Very often OpenMx objects are not assigned to a variable at all, so the internal name would have to be set manually many (most?) times.

Also not sure that people would appreciate having the name slot changed if they assigned the object to a new R variable?

	Idea 2. It is much more usual in R to have declarations first, as in
 
	A <- mxWhatever
	B <- mxWhatever
	C <- mxWhatever
 
	mymodel <- mxModel( A, B, C )

That is exactly what we can do in OpenMx so not quite sure what this point is? If you mean that not all mx Objects are defined outside of a model, then that is correct: OpenMx models have a series of slots into which objects can be assembled inline, or as R objects. It is a user-convenience which is chosen.

That said, the documentation is moving to a declare-and-assemble style
programming where possible and convenient.

Idea 3. Create separate functions mxModel() and update(). 
	mxModel is now allowing a person to put in a name of an existing object, 
	or a new name.
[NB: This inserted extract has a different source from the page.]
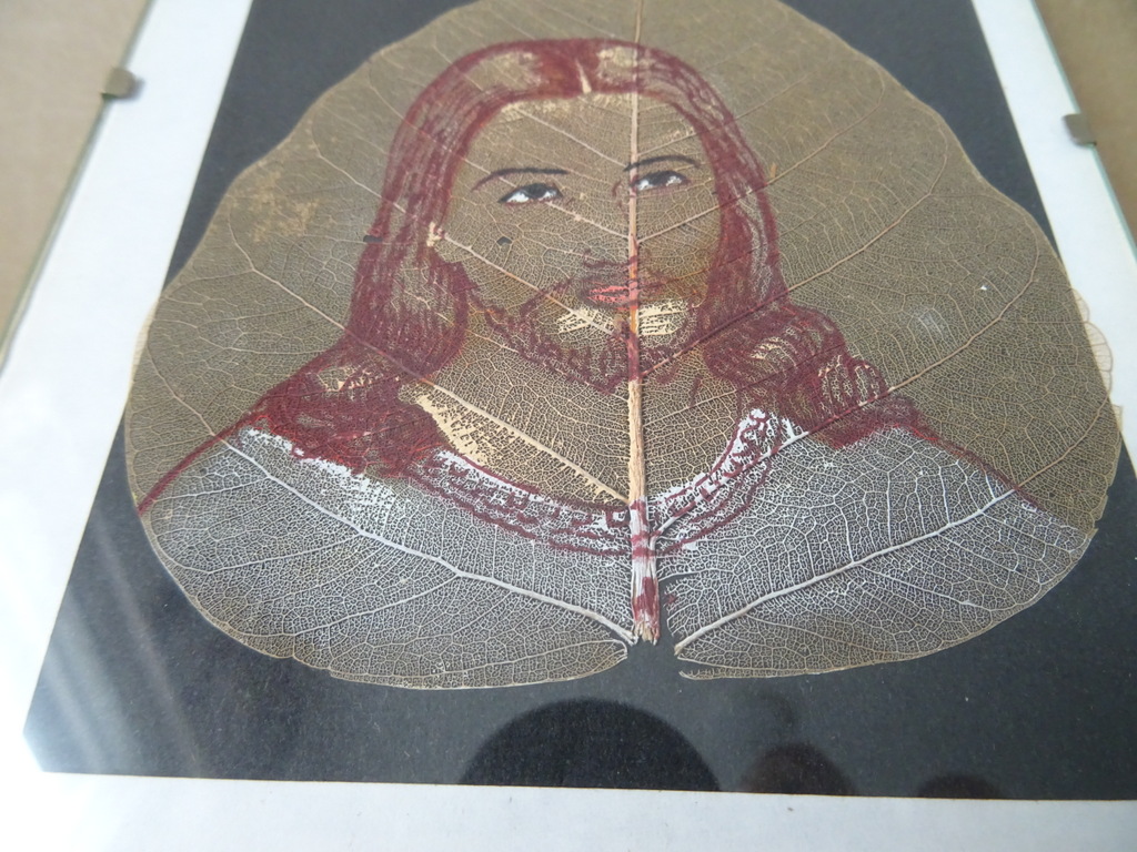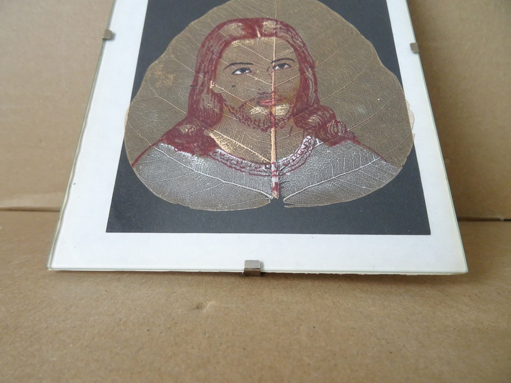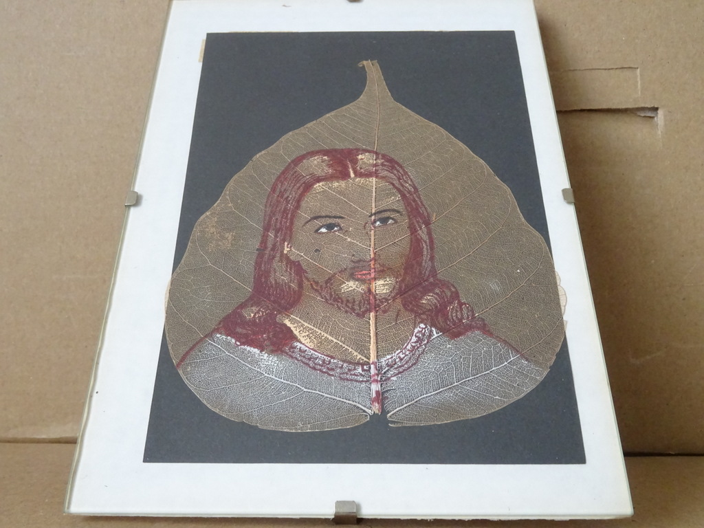 Jezus Christus geschilderd op boomblad 13x18cm vervaardigd rond 1980 of later. Een fenomenale afbeelding van Jezus geschilderd op een blad van een boom. Ingelijst in een lijstje met glas van circa 13 bij 18 cm. Het geheel is in een prachtige gebruikte staat, zie foto’s. Het glas is nog puntgaaf. Afkomstig uit een collectie religieuze objecten die al die tijd in een vitrinekast was uitgestald.

In other R functions, we usually 
	have a function "update" that performs the 
	revision on the existing result.

lm-type functions both build and run a model, and update by default updates and runs a model.

In OpenMx, by contrast, we have separate build (mxModel()) and run (mxRun) functions.

In addition, lm-type models have formulae interfaces, but OpenMx doesn't.

So update would be just be a helper function that worked something like

	update <- function(model, newThing, bRemove, bEvaluate) {
	mxModel(model, newThing, remove = bRemove)
	if(bEvaluate){
		model <- mxRun(model)
	}
	return model
}

	Idea 4. When you introduce R code, you should use the most 
	succinct way.... You create object like "selVars" which aren't needed and
   run things like dimnames after not during. In 2 steps

Using colnames where only columns are being set makes sense and may be more readable. Good idea.

selVars is used repeatedly in most scripts, so it usually makes sense to create it. The demo examples (a work in progress) also try to be expandable, so naming things rather than hard coding them help with that.

Including the default values for functions is designed to help beginners in R (which you are not) understand what parameters are available, even if they are being set to their defaults. Hence also naming parameters even when their order is sufficient.